Troy Riggs, director of the Department of Public Safety, said that most of either the 77 homicide victims and suspects in Indianapolis this year come from households led by single mothers.
Monday evening DPS and the Women’s Fund of Central Indiana hosted a “Community Conversation” with teen moms to gain input on stopping the violence.
“I was a young single mother. I was pregnant my freshman year,” said Alaya Thompson.
Thompson, 18, knows she’s living a different life than most teens, but she wouldn’t change her path if she could.
“There are days when I wish I would have thought differently. My daughter has impacted me tremendously,” she said.
Thompson was one of 15 teen mothers who joined the community conversation Monday night at Light of the World Christian Church to talk about raising children, young and alone.
Thompson was one of a handful of teen moms who graduated from high school.
“I had a really good support system, which is why I could do it,” she said.
“What is helping you to be the best mother you can be?” asked Jennifer Pope Baker with the Women’s Fund of Central Indiana. She led the conversation with DPS officials. They believe it’s the first step to research why violence in the streets is connected to single parent households.
“I think it’s time we start charting how many didn’t graduate. How many didn’t have a father or one parent missing? What are the characteristics that lead to the violence for the suspects of homicides?” asked Troy Riggs.

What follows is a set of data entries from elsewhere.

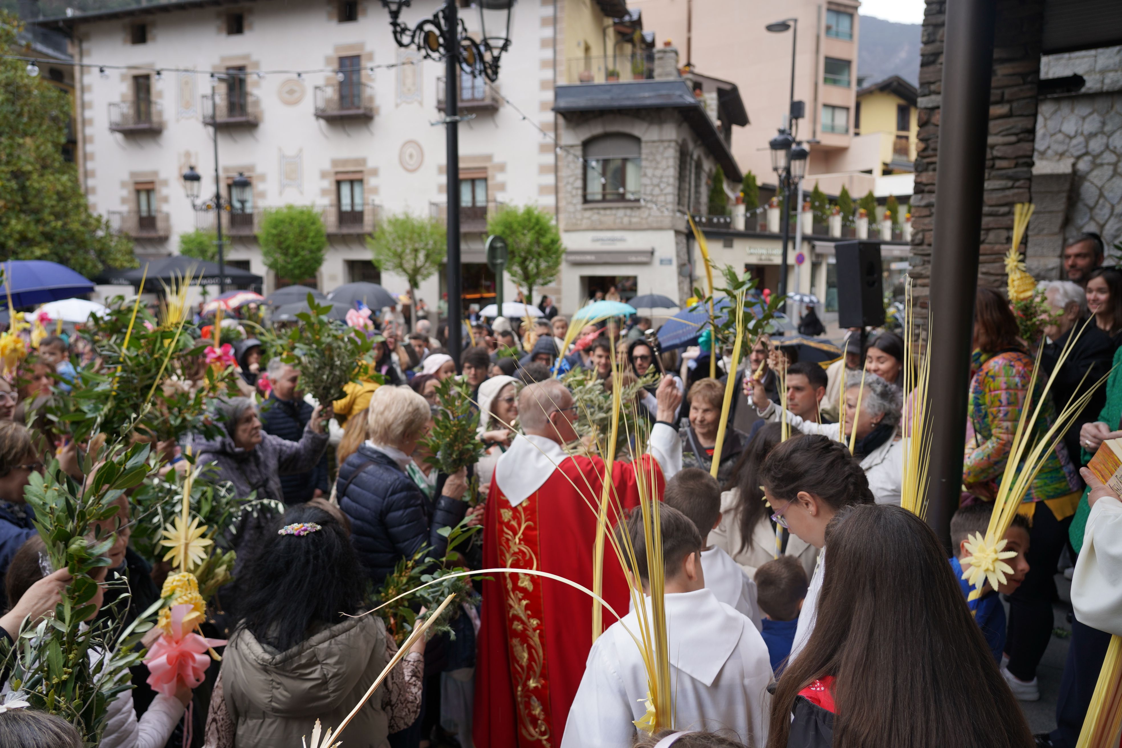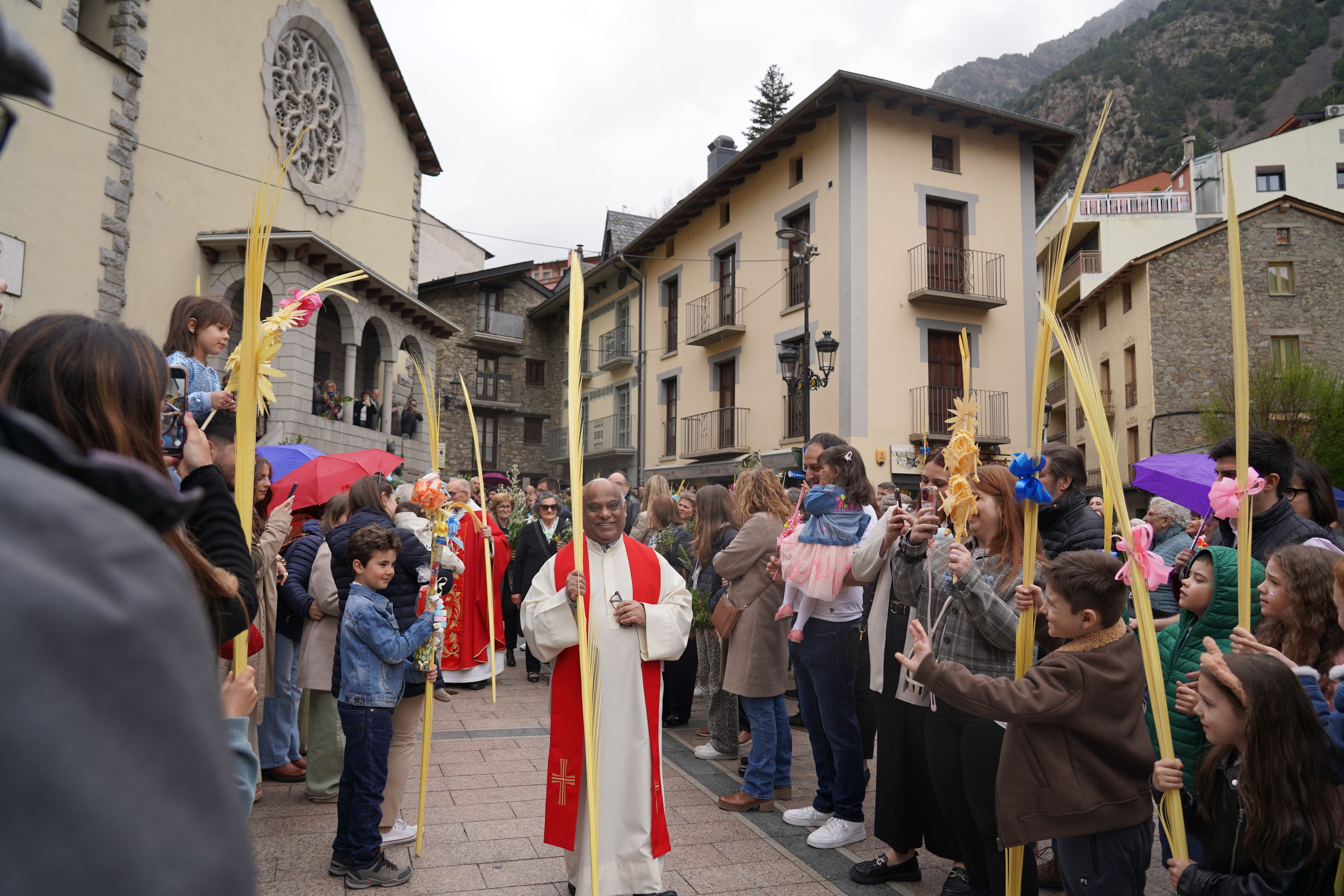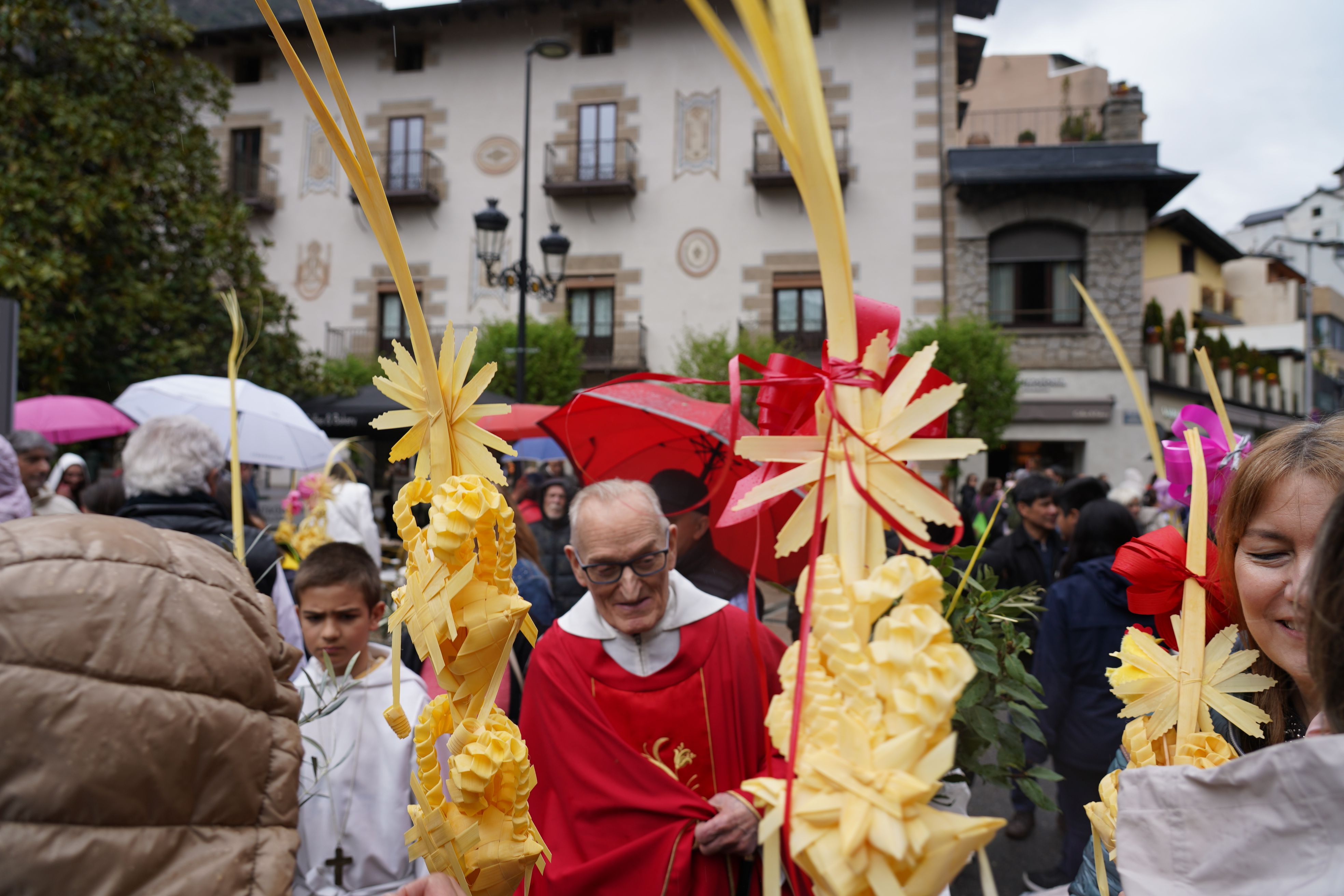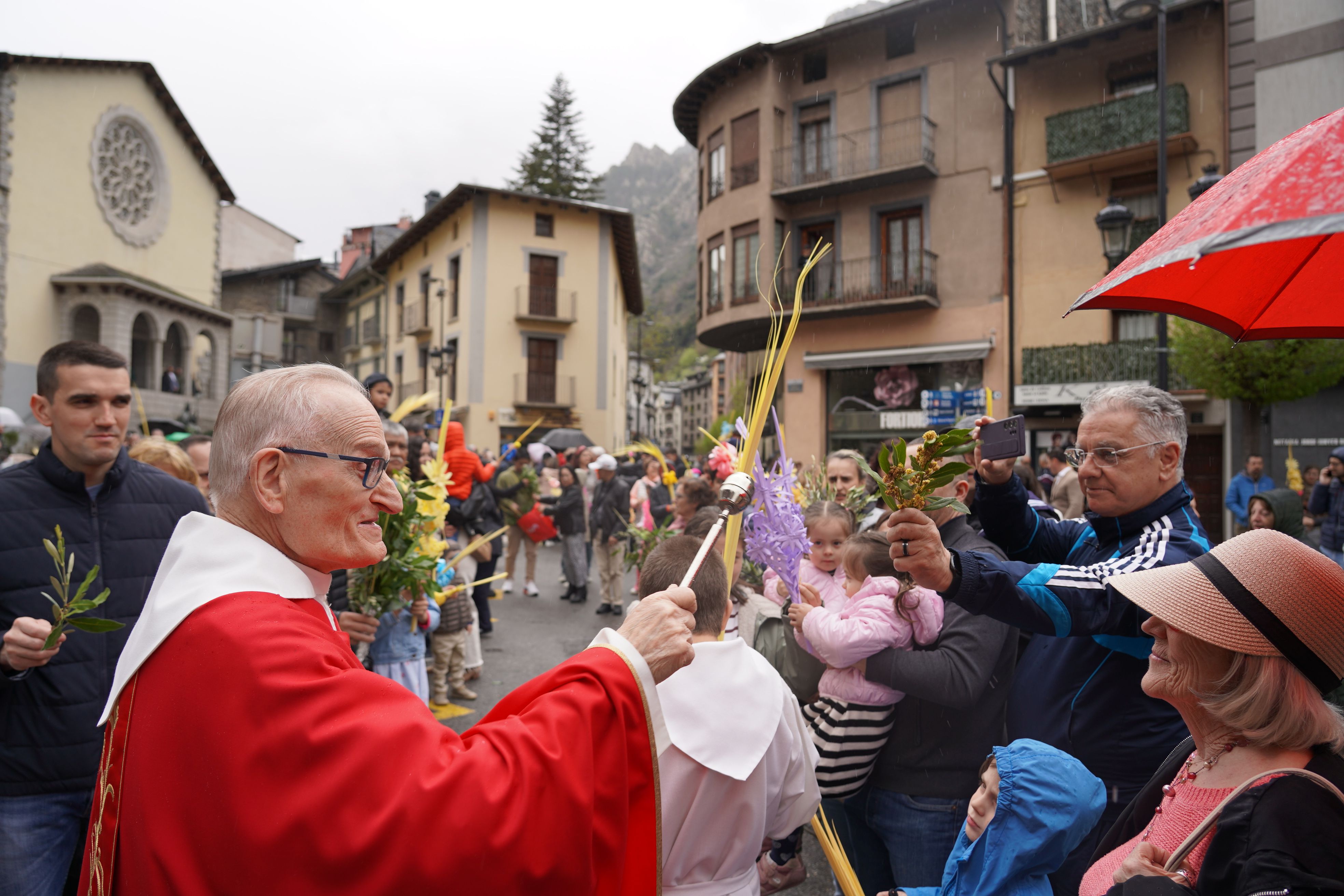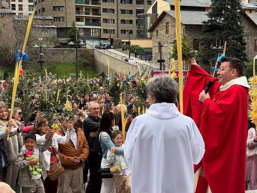 Els veïns de la parròquia, especialment els més petits, han aixecat ben amunt les seves palmes, palmons i branques de llorer i olivera que els han comprat els padrins mentre Sàrries ha iniciat la seva oració habitual. L’arxipreste de les Valls d’Andorra ha bromejat amb les quatre gotes que han començat a caure, recordant que és aigua beneïda, abans de fer, juntament amb mossèn Anto, la lectura de l’evangeli que recordava l’entrada de Jesús a la capital hebrea. Ha estat un text molt breu, probablement degut al temps, i quan els sacerdots han finalitzat, Sàrries s’ha fet un bany de masses entre els assistents, beneint-los la palma i el que fos necessari mentre els fidels s’anaven acostant per donar la benvinguda al moment més important de l’any litúrgic cristià.
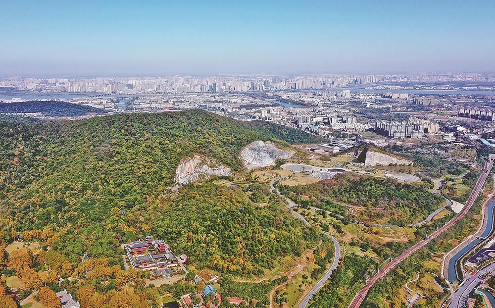 11月8日,无人机航拍的岘山矿山复绿的场景。岘山矿山复绿项目通过人文再造、生态重置,对占地1430 亩的山体进行大规模修复,项目占地1800余亩,投资5.5亿元,是目前全国最大的山体修复工程之一。
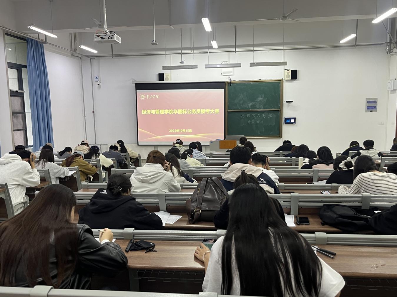 为有效缓解毕业生备考压力,增强学生应试信心,10月15日下午,beat365中文官方网站在增信楼3120教室举办公务员模拟考试大赛,吸引了2026届毕业生100余人积极参加。
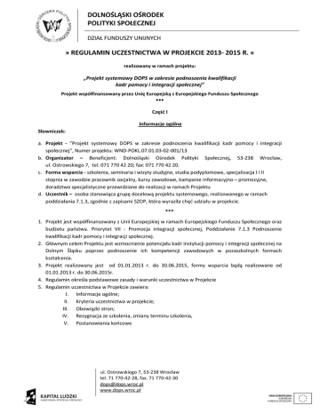 Regulamin uczestnictwa - Dolnośląski Ośrodek Polityki Społecznej
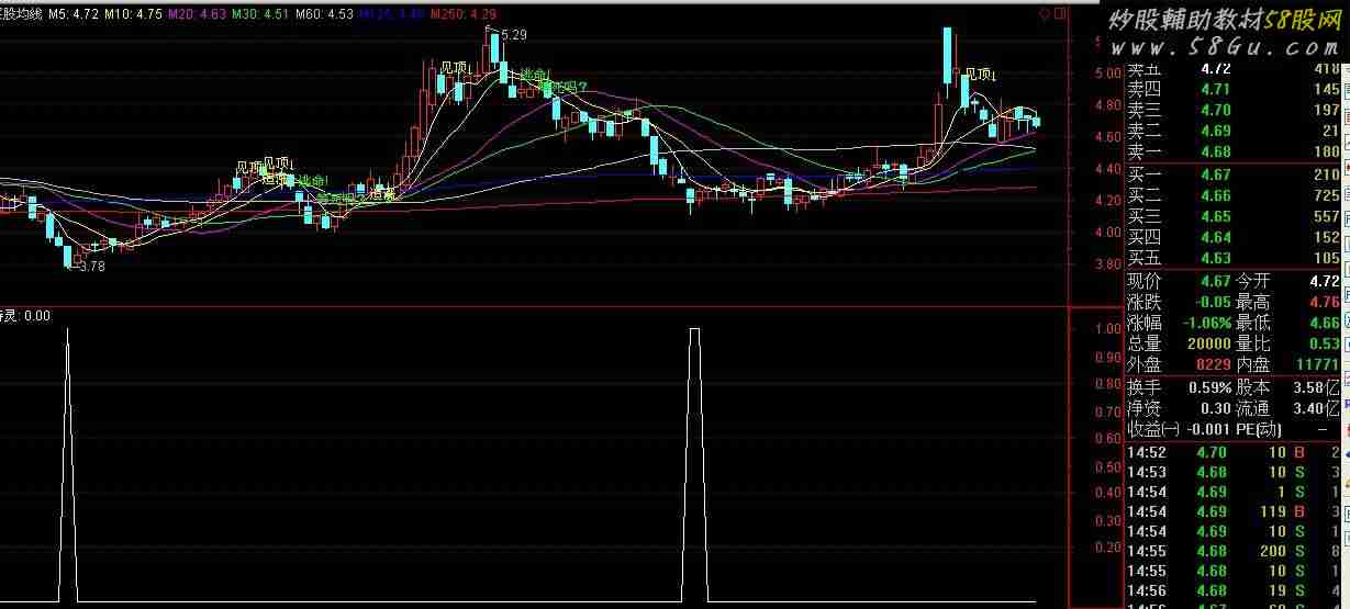 任何一款指标不能单独的使用,这款指标成功率高,下面是贴图我的指标都来源于理想,如果有侵犯了作者的权利,谨请原谅,如果有必要也可以删除,我只是上传一些我认为可以操作的指标。小散不容易 A3:=REF(CLOSE, 1.000);A4:=SMA(MAX((CLOSE - A3),0), 8, 1) / SMA(ABS((CLOSE - A3)), 8.000, 1) * 100;A5:=SMA(MAX((CLOSE - A3),0), 55, 1) / SMA(ABS((CLOSE - A3)), 55.000, 1) * 100;超短线2:=(((A4<= 20) AND (A5 <= 49)) * 1);超卖1:=IF(SMA(MAX(CLOSE-REF(CLOSE,2),0),7,1)/SMA(ABS(CLOSE- REF(CLOSE,2)),7,1)*100<12,0.5,0);超卖2:=IF(SMA(MAX(CLOSE-REF(CLOSE,1),0),7,1)/SMA(ABS(CLOSE-REF(CLOSE,1)),7,1)*100 <12,0.5,0);买特灵:超短线2 OR 超卖1 OR 超卖2;   |
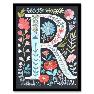 Artery8 Letter R in Bright Watercolour Flowers Cute Floral Word Art For Her Birthday Mum Wife Woman Friend Artwork Framed Wall Print A4
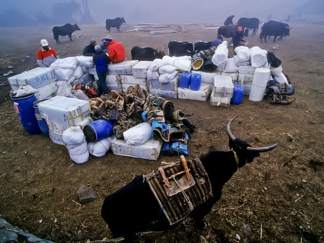 Med nittio fullastade jakar plöjer den japanska Lhotse South Face 2003 Expedition in till Tengboche till allas stora förundran.
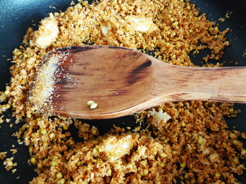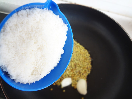 In a separate pan, heat the oil, tip in the garlic, fenugreek and coriander seeds, coconut. Fry until it’s all golden brown. Once these spices are golden and fragrant, blend them with a tbsp of water. Add crushed chillies as per taste- they’re completely optional.
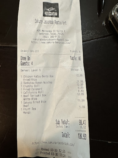 I ordered the Tonkatsu ramen, which is what I had gotten last time that was really good. Unfortunately no options for spice other than sriracha, which was okay. Iām not going to bash the store for that. The ramen wasnāt great. There was so much seaweed it was unbelievable. Donāt get me wrong, I love seaweed in my ramen but there was SO MUCH it made it taste like I was eating out of a fish bowl. I spent about 2 minutes just picking it all out, which was enough to cover my entire napkin. The bamboo had a really gross flavor, the eggs were actually pretty good, and the pork wasnāt bad but Iāve had a lot better. The broth was pretty bland, and usually if all else fails, your broth should be tasty. The noodles were a bit overcooked. The presentation wasnāt really great either, certainly nothing like any of the pictures or from the reviews already on here. Just a mess overall. You would think with the title being Sakura Sushi AND RAMEN, that ramen would be just as important as the sushi. But the ramen tastes and was presented like it was cooked by someone who doesnāt know how to make it. And thereās only 3 main options with not much customization.

“It doesn’t mean you have the right to act foolish or be stupid or pick up a gun. If they can create programs that can help teens, Indianapolis will see a difference in the teen community,” Thompson said.
The teen mothers also said they would also like to have more daycare options.
Women’s Fund of Central Indiana hosted this community conversation to research for their NEXT initiative, which is a project designed to help emerging young women (18-25) to be successful.